Problem requirements
Within the listing below, show every line that contains the word "into".

Given data: Begin

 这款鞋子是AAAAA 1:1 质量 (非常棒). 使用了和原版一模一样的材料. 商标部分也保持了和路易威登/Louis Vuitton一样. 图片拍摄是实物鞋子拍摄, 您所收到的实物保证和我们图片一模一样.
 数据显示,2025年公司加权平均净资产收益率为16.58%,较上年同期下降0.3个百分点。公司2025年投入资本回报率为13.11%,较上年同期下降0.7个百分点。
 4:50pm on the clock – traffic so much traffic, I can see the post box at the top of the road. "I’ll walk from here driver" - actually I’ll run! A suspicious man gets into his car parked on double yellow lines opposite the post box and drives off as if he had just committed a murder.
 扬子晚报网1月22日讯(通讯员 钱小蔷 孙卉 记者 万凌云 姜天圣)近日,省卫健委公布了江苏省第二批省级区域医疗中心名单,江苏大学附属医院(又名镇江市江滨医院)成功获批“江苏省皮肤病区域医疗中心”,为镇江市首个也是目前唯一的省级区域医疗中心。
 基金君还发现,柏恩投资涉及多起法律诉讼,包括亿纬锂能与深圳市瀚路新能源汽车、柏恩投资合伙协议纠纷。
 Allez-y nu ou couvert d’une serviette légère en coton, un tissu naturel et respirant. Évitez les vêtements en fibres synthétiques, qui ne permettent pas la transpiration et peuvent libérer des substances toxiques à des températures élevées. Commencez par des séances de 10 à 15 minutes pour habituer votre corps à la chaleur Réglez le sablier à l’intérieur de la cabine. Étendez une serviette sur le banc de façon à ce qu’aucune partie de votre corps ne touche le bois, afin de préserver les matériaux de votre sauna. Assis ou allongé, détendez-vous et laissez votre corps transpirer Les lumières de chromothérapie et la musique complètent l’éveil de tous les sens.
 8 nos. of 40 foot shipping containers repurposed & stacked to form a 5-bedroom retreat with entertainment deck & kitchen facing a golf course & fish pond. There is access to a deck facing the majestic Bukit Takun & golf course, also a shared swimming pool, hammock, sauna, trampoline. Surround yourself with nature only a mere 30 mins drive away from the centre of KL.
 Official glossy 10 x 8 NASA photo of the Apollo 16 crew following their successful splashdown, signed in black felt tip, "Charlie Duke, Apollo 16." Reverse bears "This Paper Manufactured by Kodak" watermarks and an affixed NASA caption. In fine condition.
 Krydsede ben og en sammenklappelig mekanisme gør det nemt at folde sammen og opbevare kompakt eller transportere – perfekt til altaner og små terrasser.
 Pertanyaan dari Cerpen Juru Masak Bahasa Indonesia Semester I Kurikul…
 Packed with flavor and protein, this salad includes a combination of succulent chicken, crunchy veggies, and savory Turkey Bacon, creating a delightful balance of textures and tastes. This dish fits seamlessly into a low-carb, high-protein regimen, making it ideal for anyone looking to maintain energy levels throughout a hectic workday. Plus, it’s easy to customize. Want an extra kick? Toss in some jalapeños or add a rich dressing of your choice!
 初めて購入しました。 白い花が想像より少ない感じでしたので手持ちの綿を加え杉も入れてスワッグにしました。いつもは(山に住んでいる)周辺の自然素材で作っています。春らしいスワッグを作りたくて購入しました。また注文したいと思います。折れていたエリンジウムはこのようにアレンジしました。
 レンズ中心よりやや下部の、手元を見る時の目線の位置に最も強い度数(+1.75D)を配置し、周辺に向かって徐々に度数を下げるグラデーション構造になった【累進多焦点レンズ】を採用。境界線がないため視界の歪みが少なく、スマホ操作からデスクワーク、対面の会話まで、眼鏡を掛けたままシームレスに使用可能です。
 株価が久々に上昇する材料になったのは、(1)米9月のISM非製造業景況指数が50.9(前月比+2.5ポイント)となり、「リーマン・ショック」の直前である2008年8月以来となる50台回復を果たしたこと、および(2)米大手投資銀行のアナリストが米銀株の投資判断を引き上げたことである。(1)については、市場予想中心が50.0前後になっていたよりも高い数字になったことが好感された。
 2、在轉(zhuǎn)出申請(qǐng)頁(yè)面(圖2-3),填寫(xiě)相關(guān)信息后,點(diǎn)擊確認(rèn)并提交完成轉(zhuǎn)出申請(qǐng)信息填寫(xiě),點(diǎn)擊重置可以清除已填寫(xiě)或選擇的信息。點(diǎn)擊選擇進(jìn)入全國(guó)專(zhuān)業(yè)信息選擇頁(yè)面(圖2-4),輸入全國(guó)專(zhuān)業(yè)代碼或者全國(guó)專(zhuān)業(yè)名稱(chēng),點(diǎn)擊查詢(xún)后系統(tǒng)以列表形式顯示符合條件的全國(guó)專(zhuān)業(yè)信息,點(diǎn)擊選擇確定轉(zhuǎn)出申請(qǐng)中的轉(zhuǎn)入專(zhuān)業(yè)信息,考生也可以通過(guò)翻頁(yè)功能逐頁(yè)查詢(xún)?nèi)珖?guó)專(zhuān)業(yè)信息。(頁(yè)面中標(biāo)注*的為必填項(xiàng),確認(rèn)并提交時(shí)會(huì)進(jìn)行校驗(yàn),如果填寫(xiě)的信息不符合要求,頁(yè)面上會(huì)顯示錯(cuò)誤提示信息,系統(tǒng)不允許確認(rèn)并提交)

Given data: End

Response to the exercise
 4:50pm on the clock – traffic so much traffic, I can see the post box at the top of the road. "I’ll walk from here driver" - actually I’ll run! A suspicious man gets into his car parked on double yellow lines opposite the post box and drives off as if he had just committed a murder.
 Packed with flavor and protein, this salad includes a combination of succulent chicken, crunchy veggies, and savory Turkey Bacon, creating a delightful balance of textures and tastes. This dish fits seamlessly into a low-carb, high-protein regimen, making it ideal for anyone looking to maintain energy levels throughout a hectic workday. Plus, it’s easy to customize. Want an extra kick? Toss in some jalapeños or add a rich dressing of your choice!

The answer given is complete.